Return the records from the first line through the line containing "들어가고 있다. 2019.04.18.", and leave out the pictures.

Dataset items

------------

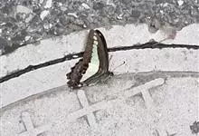 青带凤蝶Graphium sarpedon ,又名青凤蝶,是最普遍的中型凤蝶,飞行速度很快。青带凤蝶的翅膀中央有许多浅蓝色的斑点,很整齐地排列成一条直线。这些斑点由上而下逐渐变大,就像一条青色的带子。全部>>
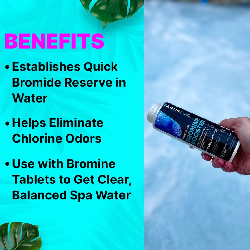 - Establish immediate bromide reserve - Super fast-acting bromine booster and spa shock helps you establish immediate sodium bromide levels in your hot tub to reduce chloramines and bromamines.
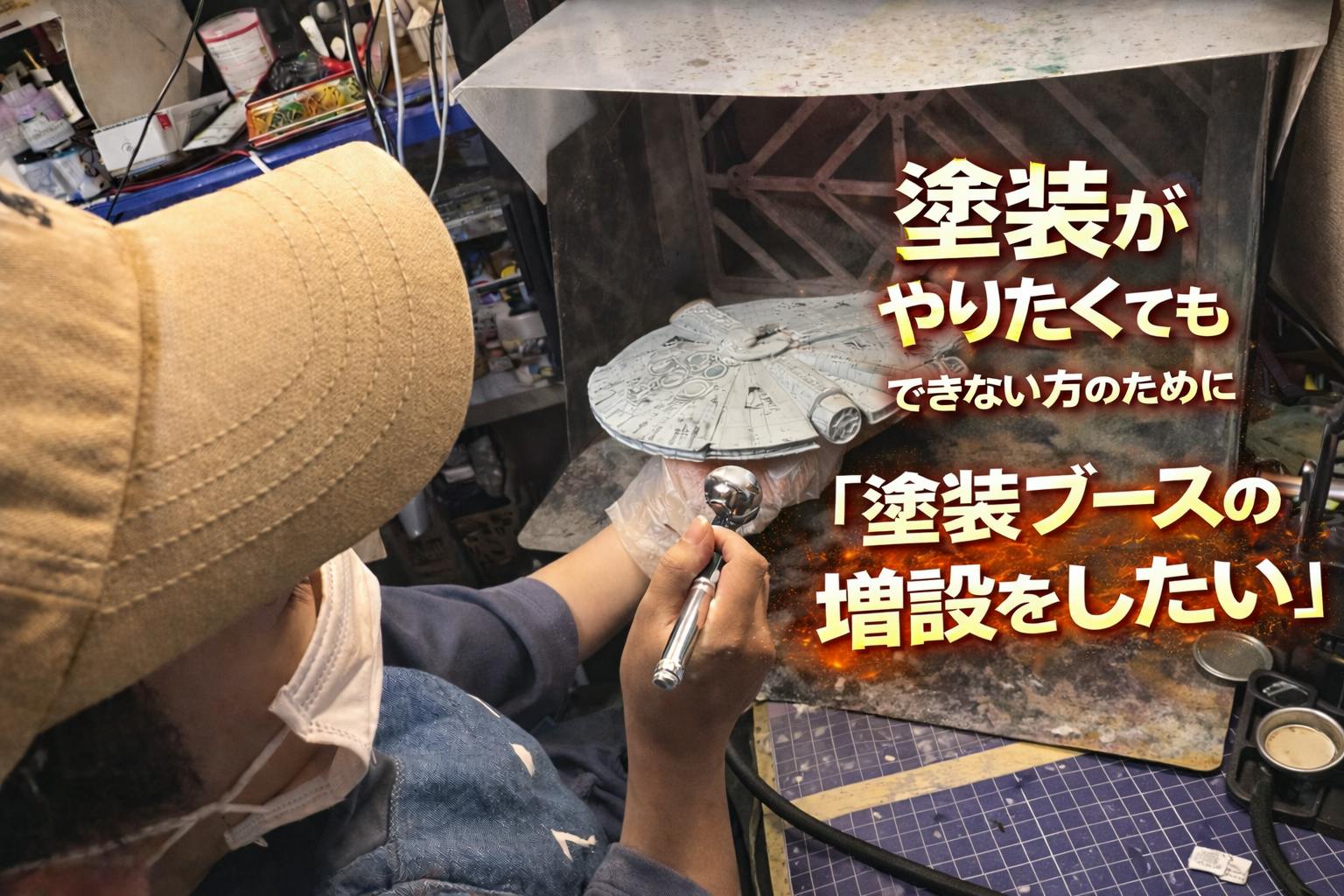 今までは、制作ブースが狭く、4人5人程しか入れなかったんです。だんだん利用者が増えてきまして、静岡市内よりも市外、県外の方が多く、具体的には、塗装したいお客様が増えまして、当時は一機しか塗装ブースも無かったので、順番待ちなどちょっと大変でした。家だとお母さんや家族に怒られるちゃうお父さんやお子さん。そういう方々が増えました。その為、もっとプラモデル制作部屋を広くして、塗装ブースを増設し、より充実したプラモデル制作室を提供することで、静岡の模型文化をさらに広めていきたいと思っています。これにより、模型製作の魅力をより多くの方に知っていただき、地域の文化振興にも貢献したいと考えています。
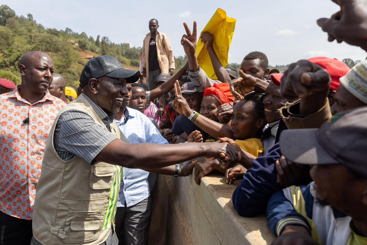 President William Ruto (third left) greets locals at the Marua Interchange in Nyeri County/PCS
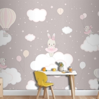 Sevimli Tavşanlar Ve Bulutlar Çocuk Odası Duvar Kağıdı
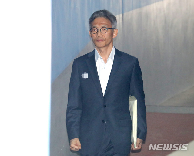 【서울=뉴시스】 전진환 기자 = 서지현 검사를 성추행하고 인사보복을 한 혐의로 1심에서 법정 구속된 안태근 전 검사장이 18일 오후 항소심이 열리는 서울 서초구 서울지법으로 들어가고 있다. 2019.04.18.
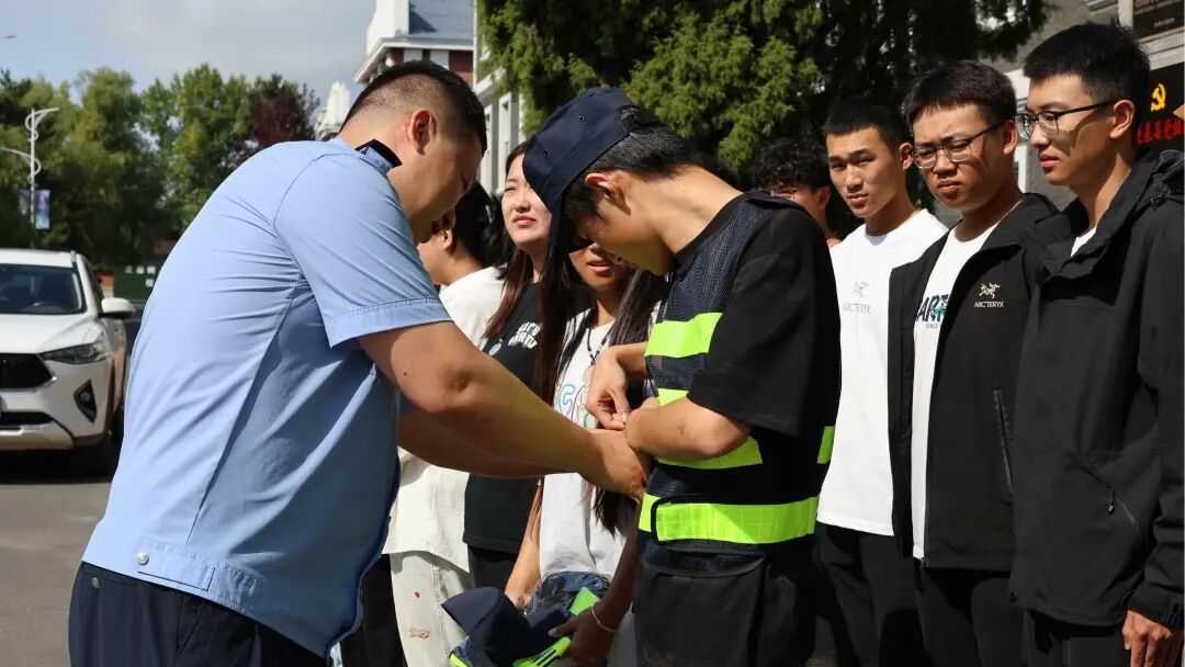 警用装备发放环节,龙井市交警管理大队教导员李守文带领宣传中队工作人员,逐一核对交通指挥手势旗、执勤纪律手册、反光背心等装备,确认完好后分发至义警手中。“这些装备是工作工具,更是责任象征。” 李守文强调,希望义警们带着责任投身志愿服务,助力改善龙井市交通秩序,现场义警的责任感与使命感显著增强。
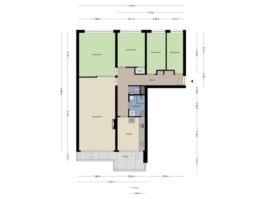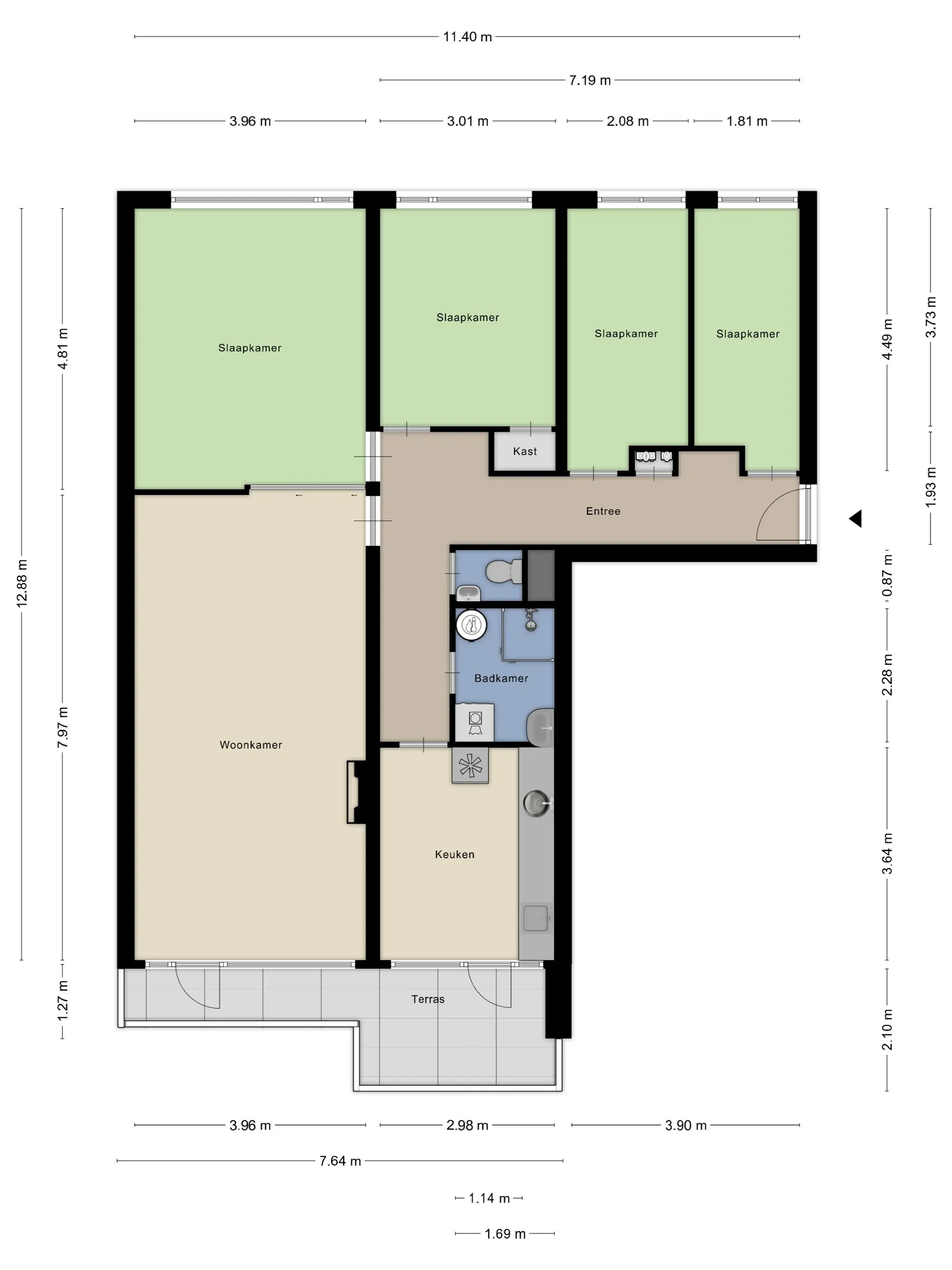 Verder zijn er 4 slaapkamers, een nette badkamer met douche en wastafelmeubel, en een separaat toilet.
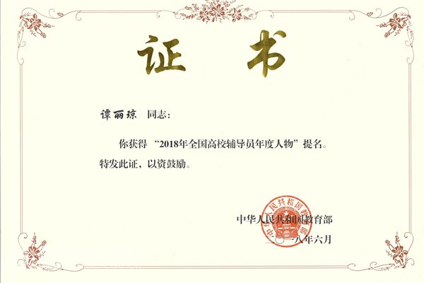 我校谭丽琼老师荣获“2018年全国高校辅导员年度人物”提名奖。

------------

§ **Output of the task**:
 青带凤蝶Graphium sarpedon ,又名青凤蝶,是最普遍的中型凤蝶,飞行速度很快。青带凤蝶的翅膀中央有许多浅蓝色的斑点,很整齐地排列成一条直线。这些斑点由上而下逐渐变大,就像一条青色的带子。全部>>
 - Establish immediate bromide reserve - Super fast-acting bromine booster and spa shock helps you establish immediate sodium bromide levels in your hot tub to reduce chloramines and bromamines.
 今までは、制作ブースが狭く、4人5人程しか入れなかったんです。だんだん利用者が増えてきまして、静岡市内よりも市外、県外の方が多く、具体的には、塗装したいお客様が増えまして、当時は一機しか塗装ブースも無かったので、順番待ちなどちょっと大変でした。家だとお母さんや家族に怒られるちゃうお父さんやお子さん。そういう方々が増えました。その為、もっとプラモデル制作部屋を広くして、塗装ブースを増設し、より充実したプラモデル制作室を提供することで、静岡の模型文化をさらに広めていきたいと思っています。これにより、模型製作の魅力をより多くの方に知っていただき、地域の文化振興にも貢献したいと考えています。
 President William Ruto (third left) greets locals at the Marua Interchange in Nyeri County/PCS
 Sevimli Tavşanlar Ve Bulutlar Çocuk Odası Duvar Kağıdı
 【서울=뉴시스】 전진환 기자 = 서지현 검사를 성추행하고 인사보복을 한 혐의로 1심에서 법정 구속된 안태근 전 검사장이 18일 오후 항소심이 열리는 서울 서초구 서울지법으로 들어가고 있다. 2019.04.18.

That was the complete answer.